* [Extracted information]
_____
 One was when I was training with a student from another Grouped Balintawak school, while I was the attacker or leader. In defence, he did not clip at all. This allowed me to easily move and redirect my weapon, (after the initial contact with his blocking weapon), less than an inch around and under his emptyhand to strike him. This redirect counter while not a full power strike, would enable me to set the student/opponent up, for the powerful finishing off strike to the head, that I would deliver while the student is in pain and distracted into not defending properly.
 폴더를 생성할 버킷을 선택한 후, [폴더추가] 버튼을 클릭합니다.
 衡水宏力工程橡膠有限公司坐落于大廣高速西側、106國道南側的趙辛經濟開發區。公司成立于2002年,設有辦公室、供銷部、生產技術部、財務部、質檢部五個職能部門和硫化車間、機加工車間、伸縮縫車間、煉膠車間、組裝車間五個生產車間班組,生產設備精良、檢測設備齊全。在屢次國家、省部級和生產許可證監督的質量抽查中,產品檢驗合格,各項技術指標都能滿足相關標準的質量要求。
_____
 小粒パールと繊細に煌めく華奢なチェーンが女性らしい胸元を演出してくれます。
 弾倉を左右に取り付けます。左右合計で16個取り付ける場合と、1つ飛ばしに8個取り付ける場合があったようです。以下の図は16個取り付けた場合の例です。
_____
* [Brief]
Look through the entries above and quote exactly the lines from the line with "小粒パールと繊細に煌めく華奢なチェーンが女性らしい胸元を演出してくれます。" to the line with "弾倉を左右に取り付けます。左", counting both of those lines.

* [Result of this task]
 小粒パールと繊細に煌めく華奢なチェーンが女性らしい胸元を演出してくれます。
 弾倉を左右に取り付けます。左右合計で16個取り付ける場合と、1つ飛ばしに8個取り付ける場合があったようです。以下の図は16個取り付けた場合の例です。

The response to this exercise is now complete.